I’m sure you’ve heard this in one form or another.

Something on the lines of -“Don’t starve yourself or your body will go into Starvation Mode and all your efforts will yield the opposite result”

And at first glance it sounds logical too — right?

Well, I must confess, I fell for it. I’ve been guilty of peddling this ‘starvation mode’ theory for a while now. Without getting into the scientific depth of it.

But then, 3 weeks ago, I started 16/8 IF.

That’s not-eating for 16 hours every day. In an attempt to lose weight. Primarily fat.

But how could that work? Wouldn’t 16 hours of ’starving’ myself, put me into this scary ‘mode’? And wouldn’t that lead to fat-preservation, not fat-loss!

I’d hit someone (myself) if that’s how it panned out.

I needed to, atleast theoretically, be absolutely sure of this before I jumped headlong into IF.

So I did the research. And found that ’starvation mode’ isn’t a real thing in the modern world. It’s the colloquial usage of the term that did us all in.

Allow me, hence, to bust this stupid myth today in 5 common sensical ways. This is me atoning for my sins. Of having contributed to the spread of this spurious theory.

And like I’ve been doing for the past 2 weeks, at the end I’ll share what I’m seeing in Week #3 of my own IF journey. But first, this —

Myth Buster #1: Why does the body store fat?

We all know this. Fat stores are the body’s fuel for hard times.

Our hunter gatherer ancestors used to find a lot more game during the summers when they ate and became fat. And then during harsh winters, they stayed indoors and the body used up these fat stores to keep them alive and active in the absence of regular food.

Right?

If yes, then the myth is already busted. If ’starvation mode’ was true, then all the cavemen would, post-winters, emerge from their caves with rotund tummies and stick-thin arms and legs. Because the body should’ve held on to the fat and burnt the muscle.

But why would the body do that? Why would it store fat for such ’no-food’ days and then, when the time came, act ignorant of it’s own plan and go for muscle instead?

Myth Buster #2: Why does the body have muscle?

Let’s stay with our ancestors for a bit more. Remember Grandpa Jo from this article about Legs.

Let’s say Grandpa got all fat and plump during the summers and then winters came and only for a few hours everyday could GrandPa now go out to look for food. Even more than in the summers, he’d need to be active and strong and alert in this short window, if he were to return with some meat.

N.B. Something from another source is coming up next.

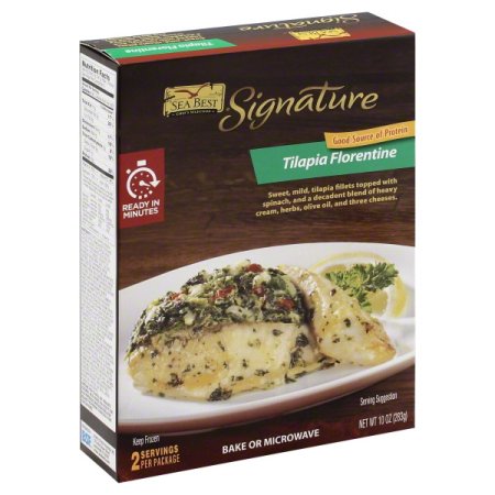 Tilapia, chopped spinach, roasted garlic parmesan butter sauce (natural flavors, dehydrated garlic, partially hydrogenated vegetable oil, [soybean, cottonseed], coconut oil, parmesan cheese [milk, salt culture, enzymes], salt, dehydrated onion, maltodextrin, whey protein concentrate, Romano cheese [pasteurized milk, cheese cultures, salt, enzymes], modified food starch, whey solids, sugar, yeast extract, parsley, sodium caseinate [a milk derivative], annatto extract, turmeric, and not more than 2% silicon dioxide added as a processing agent), cream cheese (cultured pasteurized milk & cream, salt, stabilizers [xanthan, locust bean & guar gum]), mozzarella cheese (pasteurized milk, cheese cultures, salt, enzymes, powdered cellulose and dextrose [added to prevent caking]), heavy cream (cream and less than 2% of [mono and diglycerides, carrageenan, polysorbate 80, cellulose gum, guar gum added as emulsifiers and stabilizers]), red peppers (diced red peppers, water, salt, citric acid, calcium chloride), olive oil blend (canola and/or soybean oil, extra virgin olive oil, beta carotene (color), grated parmesan cheese (pasteurized part skim cow’s milk, cheese culture, salt, enzymes, powdered cellulose [anti-caking agent], calcium propionate [preservatives]), kosher salt, whole leaf basil, garlic powder, black pepper.

Now, if after 36 hours of no food, Grandpa’s body would start using muscle (and not fat) to get it’s energy, then that’d leave grandpa weaker and less agile. Which would substantially reduce his chances of landing a kill. Which would mean no food for another day. Which, in turn, would mean even lesser muscle. Which…you get the point.

This is the kind of behaviour that would piss Darwin off. Why would the body do a thing so detrimental to it’s own survival?

Myth Buster #3: Ramadan

The age-old muslim month of fasting.

Also the longest standing human study of IF. For me infact, this was the proof that finally converted me.

Whenever I speak to Muslim friends of mine, they all confirm 3things:

  1. The first few days are tough. They feel quite hungry.
  2. The body adapts in about a week and then energy levels are back to usual (in many cases better)
  3. No matter how much they eat after sunset (and they eat a lot), they rarely see anyone gaining weight or looking fatter after Ramadan.

I rest my case.

I’m kidding. My strongest, most common sensical revelation is left.

Myth Buster #4: Ever seen a fat man die of starvation?

Close your eyes and tell me what you see when I say starvation?

Do pictures of starving adults from German concentration camps come to mind? Or of malnourished kids from Africa and India?

Auschwitz Prisoners

Ever seen someone who doesn’t look like this, die of starvation? Ever seen a fat guys die of malnourishment? Doesn’t the question itself sound silly!

Because how can he! There is so much nutrition left for his body to consume before it decides to shut down bodily functions and kill itself.

Which brings me to my last point. And the reason why this confusion started in the first place.

What is Starvation?

It’s not the same as “Oh, I’m starving”

Colloquily, we use the term very loosely. Miss one meal and you’ll hear people say “I’m famished. I’m starving.”

Hate to break it to you, you’re not. You’re privileged, maybe, but not starving.

Starvation — is when the body has run out of both external and stored nutrient and energy sources. That’s when the body, literally, starts eating itself. That’s when it turns to muscle and organs and whatever else it can to convert to life-sustaining energy.

At 3 meals a day, we eat about a 1000 meals every year and 60k+ meals over our lifetime. You really think skipping 1 or 2 meals out of this would switch on such an extreme response?

So here’s my verdict.

Fasting on a fixed schedule will NOT turn on Starvation Mode.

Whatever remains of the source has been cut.